There'a an AI tool called GPT-3 that you may have heard about that can generate text based on its understanding of patterns in human language. Now it's being used to generate code from simple descriptions of what the code is supposed to do.
IT CAN TAKE years to learn how to write computer code well. SourceAI, a Paris startup, thinks programming shouldn’t be such a big deal.
The company is fine-tuning a tool that uses artificial intelligence to write code based on a short text description of what the code should do. Tell the company’s tool to “multiply two numbers given by a user,” for example, and it will whip up a dozen or so lines in Python to do just that.

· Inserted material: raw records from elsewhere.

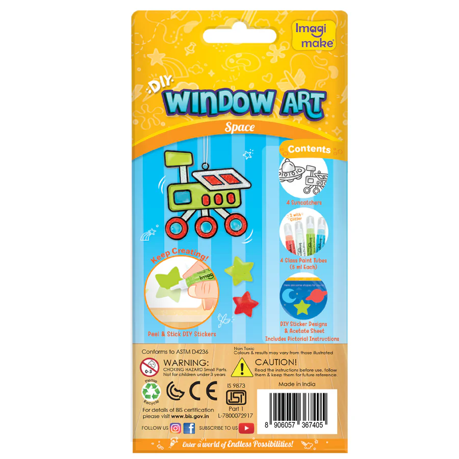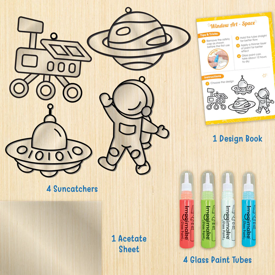 • DIY SPACE GLASS PAINTING KIT: Window Art is an arts & crafts activity set that allows young artists to try a new painting technique – glass painting in a fun & easy way.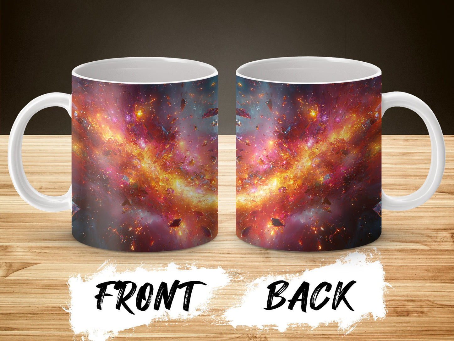 Transform your mugs with this stunning abstract galaxy design featuring vibrant colors and mesmerizing patterns. Perfect for coffee tea or any beverage. Get it now for a unique mug.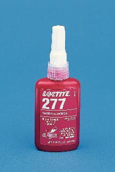 Threadlocker 277* Permanent-Grade Adhesive^ High-strength, high-viscosity grade for locking fasteners up to 3.8cm. Prevents loosening due to shock, heat, or vibration. Protects from rust and corrosion. Heating and hand tools are required to separate parts. Viscosity: 7000cP. Color: red. 50mL bottle.

SourceAI’s ambitions are a sign of a broader revolution in software development. Advances in machine learning have made it possible to automate a growing array of coding tasks, from auto-completing segments of code and fine-tuning algorithms to searching source code and locating pesky bugs.
Automating coding could change software development, but the limitations and blind spots of modern AI may introduce new problems. Machine-learning algorithms can behave unpredictably, and code generated by a machine might harbor harmful bugs unless it is scrutinized carefully.
I've been wondering when this would happen for many years. For example, a lot of programming, like writing code to hook a user interface to a database, is pretty routine. So is writing documentation for it, which is something that has been worrying technical writers for a while.
In the future, it may be a lot harder to get jobs as a programmer. This is likely to hit the offshoring industries first, I suspect.